Describe what happened:

kubernetes_state.* metrics are being double tagged with labels from the actual Pod and with kube-state-metrics labels

Describe what you expected:

For the labels from the actual pod refered to by kube-state-metrics to be tagged agains the metrics.

Steps to reproduce the issue:

kubernetes_state.yaml (this plugin is producing the correct tags)

ad_identifiers:
  - kube-state-metrics

init_config:

instances:
  - kube_state_url: http://kube-state-metrics.default.svc.cluster.local:8080/metrics

    label_joins:
      kube_pod_labels:
        label_to_match: pod
        labels_to_get:
          - label_app
          - label_type
          - label_version

    labels_mapper:
      label_app: kube_label_app
      label_type: kube_label_type
      label_version: kube_label_version

Snippet from kubernetes.yaml (this causes the mistagging with information from the kube-state-metrics pod)

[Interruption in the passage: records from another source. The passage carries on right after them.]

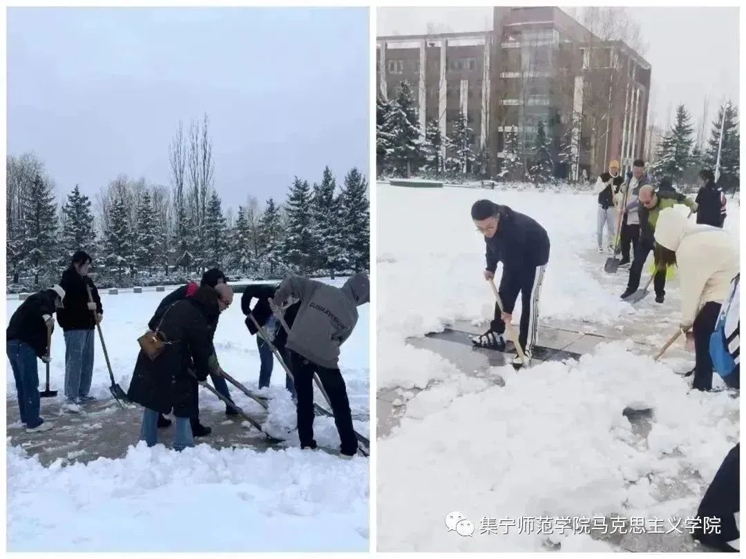 老师、同学们积极参与到除雪志愿服务活动当中。由于气温较低,部分雪被压得很瓷实,清扫工作十分困难,但是老师、同学们不顾严寒,积极行动,纷纷拿着扫雪工具,集中对路上的积雪进行清理,大家扫的扫、铲的铲,相互配合、齐心协力,干劲十足。经过一个多小时的辛勤劳动,清扫出了一条条干净、平坦的道路,为师生的出行提供了便利。
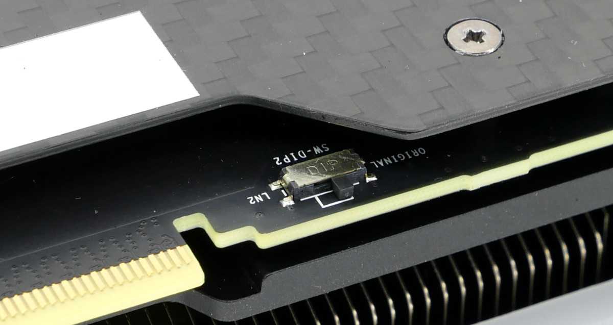 Приятной и полезной особенностью является двойной переключатель BIOS между микропрограммным обеспечением с высоким заводским разгоном и расширенным лимитом потребления для достижения своего уровня оверклокинга.
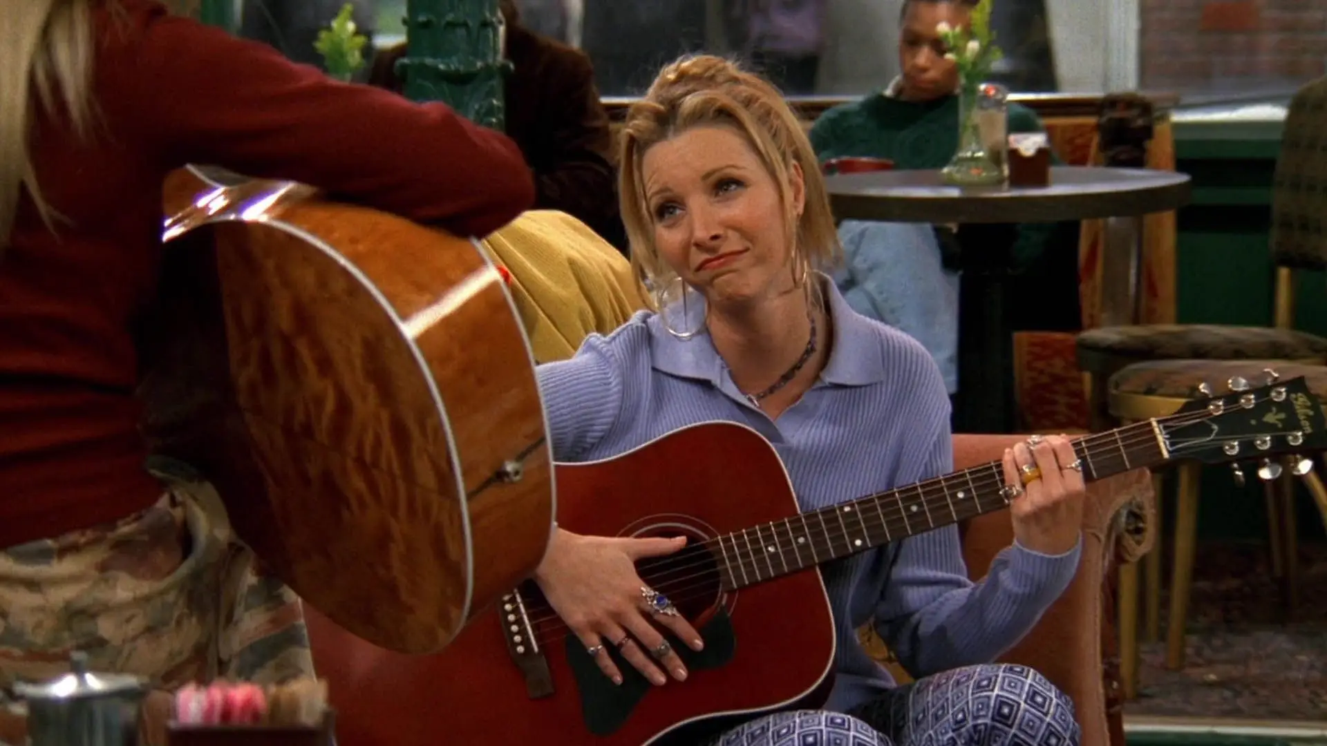 یکی از نمادینترین عناصر سریال فرندز گیتار زدن فیبی بوفی و آهنگهای خاص او است (مخصوصا آهنگ Smelly Cat). لیسا کودرو بازیگر نقش فیبی بوفی در ابتدای مراحل ساخت سریال با خواندن فیلمنامه متوجه شد که شخصیت او باید دفعات زیادی به نواختن گیتار بپردازد؛ مشکل آن جا بود که لیسا کودرو بههیچعنوان بلد نبود گیتار بزند. او نه تنها قادر به گیتار زدن نبود بلکه بهشدت از گیتار بدش میآمد. او حتی به سازندگان سریال پیشنهاد کرد که برای فیبی بوفی ساز دیگری را بهعنوان ساز اصلی او انتخاب کنند که این پیشنهاد از سوی سازندگان رد شد. لیسا کودرو بلاخره موفق شد با حضور یک معلم گیتار چند کورد از کوردهای گیتار را یاد بگیرد. نکتهی جالب این است که شخصیت فیبی بوفی در سریال اصلا خوب و حرفهای گیتار نمیزند، درواقع این لیسا کودرو است که نواختن گیتار را بهدرستی یاد نگرفته است.
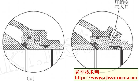 (a) 螺旋弹簧预紧 (b) 减小空气的进一步推动图3 密封面自动补偿结构
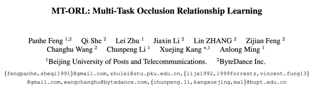 本文提出的 MT_ORL(Multi-task occlusion relationship learning,即多任务遮挡关系学习),也主要从上述两个问题出发,做出了两个主要贡献:
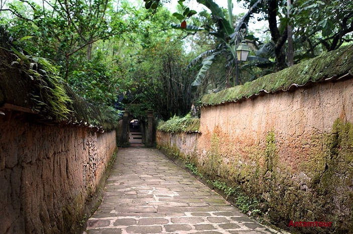 -Ngay từ ánh nhìn đầu tiên, du khách đã bị thu hút bởi chính hàng rảo bao quanh chùa, nó được đắp bằng đất nện, theo lối trình tường, cao khoảng 1m5, phủ rêu phong mang đậm dấu ấn thời gian, cùng với con đường nhỏ dẫn vào chùa như dẫn vào một chốn cổ tích. Bên trong chùa, từng cảnh quan nội viện đều được lựa chọn sắp đặt phù hợp, tinh tế, tạo một cảm giác cô tịch nhưng thoải mái, an nhiên.

kubernetes_pod_labels_as_tags:
  app: kube_label_app
  type: kube_label_type
  version: kube_label_version

Additional environment details (Operating System, Cloud provider, etc):

Kubernetes

ellieayla commented 5 years ago

This happens because of a collision between the labels you're using for tagging pods-under-monitoring and the kube-state-metrics pods having those tags too. I haven't found a way to get the Datadog agent to specialcase-ignore the labels from kube-state-metrics pods, so instead i have used other non-standard labels (system-app) for the kube-state-metrics deployment & its pods label-selector.

duxing commented 4 years ago

Thanks for sharing this! I was wondering if someone from DataDog can help with the direction on this issue.

duxing commented 4 years ago

@mellowplace this is resolved for me by setting this flag in configuration: https://github.com/DataDog/integrations-core/blob/master/kubernetes_state/datadog_checks/kubernetes_state/data/auto_conf.yaml#L7

related release note you need to set the configuration to true explicitly if you use a configuration yaml. if you're still troubled by this issue you can try upgrading ur datadog chart to latest version (datadog-agent need to be 7.16/6.16 above) and update your config and that should work for you.